The good: NBC's "Biggest
Loser: Special Edition" premiered with this: 6.3/9 in
the overnights, 8.54 million viewers and a 3.6/9 among
adults 18-49 from 8-10p, according to Mediaweek's Marc
Berman, who cites that it did air opposite a big bowl
game. This week, overnights: 4.6/7; Viewers: 6.56
million; A18-49: 2.7/7, all third place. Why is this
good? Because it built 46 percent out of "E-Ring".
The weekly rant, or
Miss America is not a game show... at least not anymore.
Whose stupid idea was that anyway?
The best show on GSN
nowadays, surprisingly enough, isn't even a game show in
the loosest sense of the word.
Let me preface this by
saying that I am a big fan of shows like "Biography",
"Behind the Music", and even "E!'s True Hollywood
Story". So when I heard that GSN was creating its own
true-story in their own words documentary, I was in
heaven. Granted, it wasn't that unexpected given the
critical success of the network's first documentary
movie, "Big Bucks: The Press Your Luck Scandal."
The new series "Anything
to Win" takes those humble roots and magnifies them to
chronicle the thrill--and the agony--of victory,
sometimes at any cost.
When I saw the finished
product on the Rosie Ruiz story (as an aside, after
hearing her story and watching countless bits of
evidence contrary thereto, I said to myself that, to
paraphrase Doug Morris, if this person doesn't have some
king of mental issue, she ought to have one), I had my
doubts about the production itself, not the story.
First off, I know you
have to stretch an hour-long show into a two-hour
premiere, but was showing the same pictures and video
over an over again absolutely necessary? We get it
already. The sweat was off, she was a bit chunky, she
didn't have the exuberance of someone who ran 26.2 miles
when she crossed the finish line. It was almost three
hours after the race started. Show me something new for
cripes sake. I mean "BTM" rarely recycled footage just
to prove a point.
Another gripe that I had
was that the story was impossible to follow, as it
jumped from the big story to the back story to the
research to the opinion back to the big story and then
ending with "where are they now?". "Big Bucks" has this
spot on. They gave us the story, then the back story,
then the mechanics, then the aftermath. Any good story
teller will tell you that before you get there, we have
to establish where "there" is. Then give us the raw
figures and the how and why before getting to the
aftermath. Then assume that your audience is smart
enough to come to its own conclusion.
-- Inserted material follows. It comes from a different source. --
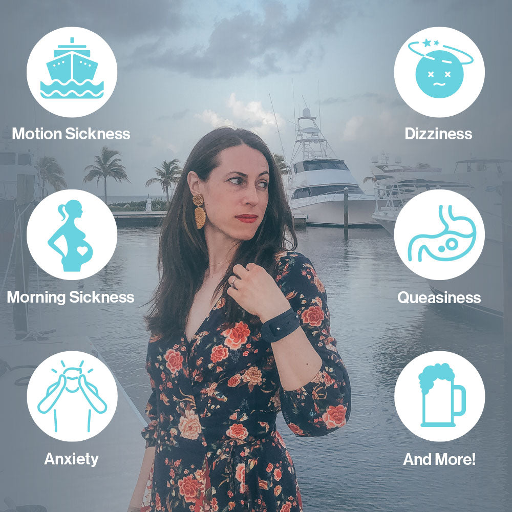 Chic bracelets that use acupressure to provide fast, natural relief from nausea and vomiting in as little as five minutes.

That's why figures
show that educated people get their news from "The Daily
Show" more than Fox News. True story.
But all in all, it was
probably the best non-game programming since the
conversion in 2004, although some will argue that with
exhibits like "American Dream Derby" and "Video Game
Invasion", such a thing is hard not to pull off. All the
important bits were there. First, we go to hear the
story in Rosie's own words. That is first and foremost
the point and the benchmark from which this series
stems. Their story, their words, no spin, just a raw
account of the events in question from their vantage.
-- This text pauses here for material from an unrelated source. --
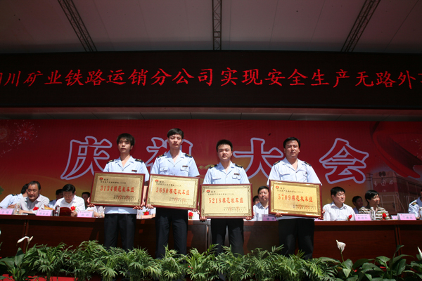 運銷分公司取得安全生產(chǎn)無路外事故1000天表示衷心地祝賀,對各位來賓表示感謝。他說,鐵運分公司成立于1989年11月,現(xiàn)管轄12個車站,并有14個機車組。由于礦區(qū)鐵路環(huán)境復(fù)雜,設(shè)備陳舊,彎道多,瞭望條件差等諸多原因,給礦區(qū)鐵路安全帶來巨大壓力。但鐵運分公司一班人以壓力為動力,圍繞“雙零”目標(biāo),堅持以人為本,狠抓管理,抓路外安全保穩(wěn)定,以路外保路內(nèi),不斷加大安全硬件投入,深入開展系列安全活動,營造了人人抓安全,全員防事故的的濃厚氛圍。順利實現(xiàn)安全生產(chǎn)無路外事故1000天,為礦業(yè)公司標(biāo)樹了一個新的里程碑。他希望該公司繼續(xù)發(fā)揚成績,總結(jié)經(jīng)驗,再接再厲,高標(biāo)定位,防范路外事故。要牢固樹立抓路外安全就是抓效益,就是抓管理的理念,充分認(rèn)識路外安全工作的長期性、艱苦性、復(fù)雜性,不斷強化企業(yè)文化建設(shè),樹立安全品牌,努力提升整體管理水平向更高標(biāo)準(zhǔn)邁進。防范路外事故,只有起點,沒有終點。要以此次慶祝活動為契機,瞄準(zhǔn)新目標(biāo),再創(chuàng)新輝煌,以優(yōu)異的成績迎接黨的十八大的勝利召開。

Then there was the attention to not letting anything
outside the story become the story. This isn't about the
feisty Canadian runner who finally broke the tape 25
years on, although this did make for a nice little
wrap-up. This is simply the people of the Boston
Marathon of 1980. We didn't hear anything we didn't need
to hear, and if future episodes follow suit, then we
could possibly have a winner. I'll weigh in on final
judgment in 13 weeks, provided GSN doesn't preempt or
rerun.
But until then, some
dream subjects: Ken Jennings, the 1980 US Hockey Miracle
on Ice, the Quiz Show Scandals of the 1950s, Thom McKee,
John Carpenter, and last summer's "Dancing with the
Stars". I'm still scratching my head over that one.